Вот сцена вторая. Уже задушена и убита Дездемона, которую он любил первый и последний раз в жизни своей, которую любил и в тот беспросветно черный миг, когда пальцы его, эти, словно очужевшие, железные пальцы, душили ее, любит ее и сейчас, когда ее уже нет и не будет больше никогда…
Высоко подняв над ее ложем подсвечник с горящей свечой, стоит Отелло над неподвижным, ужасно неподвижным телом свой Дездемоны.
О чем он думает в эти страшные минуты?

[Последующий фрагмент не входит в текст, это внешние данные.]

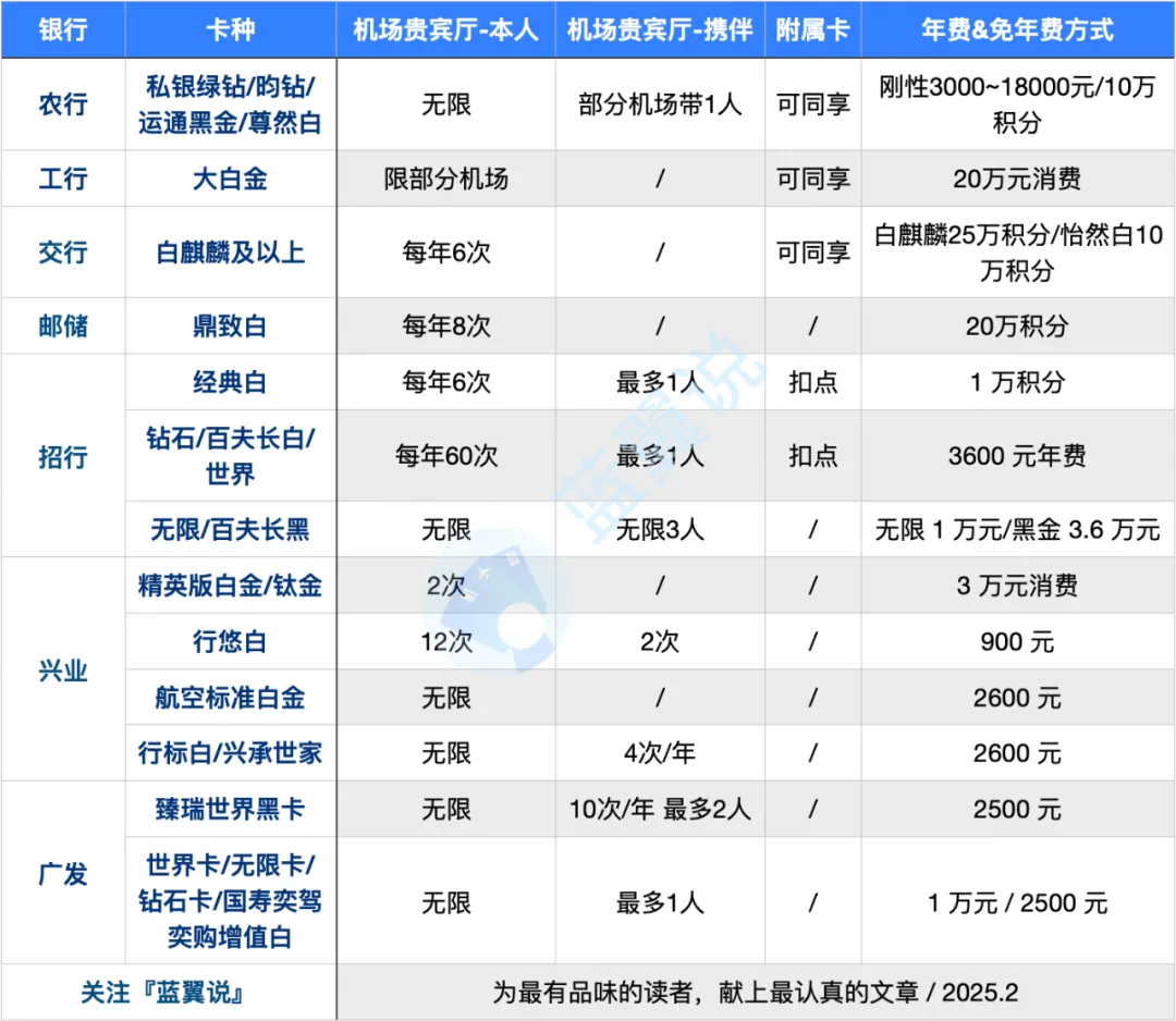 CIP方面,农行依然是易于获取CIP权益的银行,例如尊然白金卡只需每年刷卡30次或10万积分。招行和交行的信用卡也提供CIP权益,且携伴可以使用。

Только ли хочет убедиться в том, что она уже мертва или в сердце его уже поднимаются сомнения в справедливости содеянного?

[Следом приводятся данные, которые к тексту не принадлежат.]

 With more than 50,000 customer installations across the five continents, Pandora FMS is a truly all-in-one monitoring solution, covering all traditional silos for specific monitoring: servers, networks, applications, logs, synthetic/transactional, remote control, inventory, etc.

Папазян стоит спиною к зрительному залу, высоко поднята свеча с зыбким, колеблющимся пламенем, от чего тень Отелло дрожит и качается на стене и потому кажется, что дрожит и качается сам Отелло. Потом он медленно отступает, все еще не оборачиваясь к зрителям, и глаза его все время устремлены к потрясающе спокойному, никого не осуждающему лицу Дездемоны.
И только тут, поставив подсвечник на камин, Папазян оборачивается к зрительному залу. Но что это такое? Отелло ли перед ними? Перед зрительным залом стоял словно бы некий незнакомый, немощный старик, какой-то обломок человека. Он весь дрожал, как будто внезапно охваченный нестерпимым космическим холодом, и руки его — теперь уже дряблые, беспомощные руки — тянулись к слабому огоньку свечи, чтобы согреться.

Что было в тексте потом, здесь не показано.